What do you think? Let me know!

14 Responses to “Matt Yglesias Is Totally Wrong About Community Banks”

  1. Mark Alarik at Salesoverlays.com

    The community banks — just like the American Middle Class citizens and small business owners provide most of the tax base and jobs in the U.S. More competition means more jobs, and leverage for the employee to make a better income. Local businesses can offer local customization, also a benefit to the citizens. The community banks depend on the good will and trust of their customers, who are also their neighbors. Mr. Yglesias also doesn’t know anything about what makes a strong American economy.

  2. Doug Hajek

    I’m inclined to agree with Ron Shevlin. But if I thought Matt Y was serious, I would be convinced of one thing: Matt hasn’t the faintest idea what he is talking about.

  3. rivvir

    “Matt Yglesias simply doesn’t know what he’s talking about.” Yup. Does he actually get paid for this? Wait a moment. Slate? The liberal site? D. Hajek’s remark, “But if I thought Matt Y was serious” sure seems to come into play here, as does R. Shevlin’s. What liberals do you know who want the big banks ruling our lives? Take a look at their site. I just did. Article titles such as “Hooray for unpaid internships, they’re cheaper than college,” and “Why women and other female primates are promiscuous.” Maybe you should take another look at what you’re railing against. It might be your conservative self in this case.

  4. Mark Alarik at Salesoverlays.com

    The community banks — just like the American Middle Class citizens and small business owners provide most of the tax base and jobs in the U.S. More competition means more jobs, and leverage for the employee to make a better income. Local businesses can offer local customization, also a benefit to the citizens. The community banks depend on the good will and trust of their customers, who are also their neighbors. Mr. Yglesias also doesn’t know anything about what makes a strong American economy.

  5. Bill H.

    I don’t think they guy gets the magnifier effect that a large, diverse banking sector creates in terms of access to capital. What he seems to complain about is what my grad advisor called “the Q-tip” banking system–some really big banks, lots of really small ones, and not a whole lot in between. My local bank offers a 2 -year TD that pays more than the dividend yield of JPM. And this local bank is thriving in the same strip mall where the local grocery store has a Chase branch. Not to say that community bankers sometimes have a little too much whine with their cheese, but swallow up community banks…c’mon, man!

  6. O'Kane

    Am I tilted here or, does it smell the cologne Yglesias is wearing is cloned from Essence d’Obama.

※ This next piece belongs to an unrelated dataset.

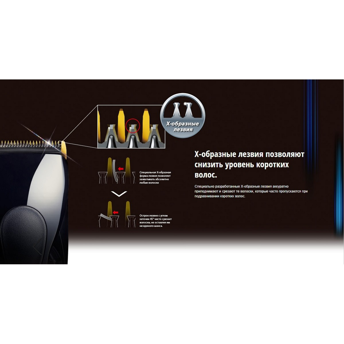 Уникальная Х-образная форма лезвий позволяет аккуратно приподнимать и срезать те волоски, которые часто пропускаются при подравнивании коротких волос, а угол заточки под углом 45 градусов обеспечивает точную, гладкую и эффективную стрижку.
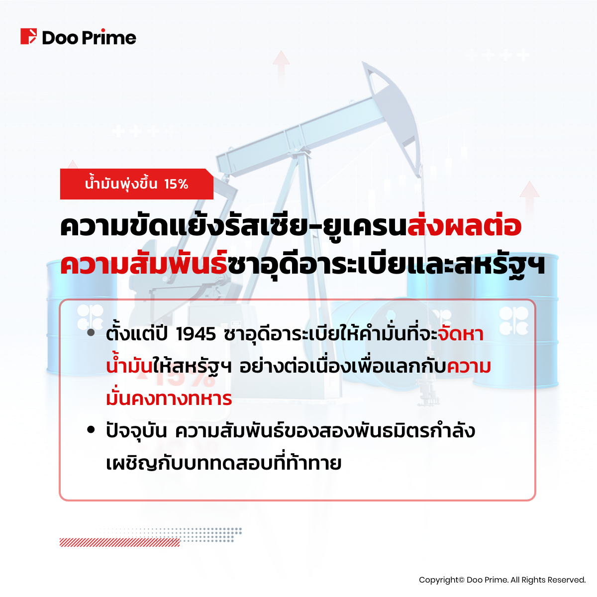 กล่าวโดยสรุป การพุ่งขึ้นของราคาน้ำมันเมื่อเร็วๆ นี้ถือเป็นสัญญาณของการเปลี่ยนแปลงภูมิรัฐศาสตร์และอัตราเงินเฟ้อที่อาจจะสูงขึ้นในอีกไม่กี่เดือนข้างหน้า สหรัฐฯ และซาอุดิอาระเบียกำลังเผชิญกับบททดสอบในเชิงพันธมิตร และเฟดก็อยู่ในจุดที่ยากลำบากในขณะที่พยายามรักษาสมดุลระหว่างการขึ้นอัตราดอกเบี้ยเพื่อต่อสู้กับอัตราเงินเฟ้อกับความเสี่ยงที่จะทำให้เกิดภาวะเศรษฐกิจถดถอย นักลงทุนควรคำนึงถึงความเสี่ยงที่อาจเกิดขึ้นและความผันผวนในตลาดน้ำมัน แต่ก็มีโอกาสที่จะทำกำไรจากสถานการณ์ปัจจุบันได้เช่นกัน

  7. Mark Alarik at Salesoverlays.com

    The community banks — just like the American Middle Class citizens and small business owners provide most of the tax base and jobs in the U.S. More competition means more jobs, and leverage for the employee to make a better income. Local businesses can offer local customization, also a benefit to the citizens. The community banks depend on the good will and trust of their customers, who are also their neighbors. Mr. Yglesias also doesn’t know anything about what makes a strong American economy.

  8. rivvir

    Well Tom, looks like a lot of people here, besides yourself, didn’t get it. Doesn’t it? Particularly o’kane, who certainly got tilted by essence of brown.

  9. Bill

    You know full well that Slate is run by big government liberals. We should not be surprised by their hatred of any bank.

  10. JRW

    The artcile you should be commenting on was in this Tuesday’s front page WSJ regarding the decline in the number of US banks. The article was not positive on smaller community banks primarily due to limited growth opportunity and an inability to compete with larger banks. Before the crash community banks had focused on low end CRE. That market has diminished and the regulators are significantly restricting this activity. There may be some good performers out there but in my market the community bankers are having a tough time and are not optimistic. You can blame it on regulation but the real problem is an inability to generate earning assets.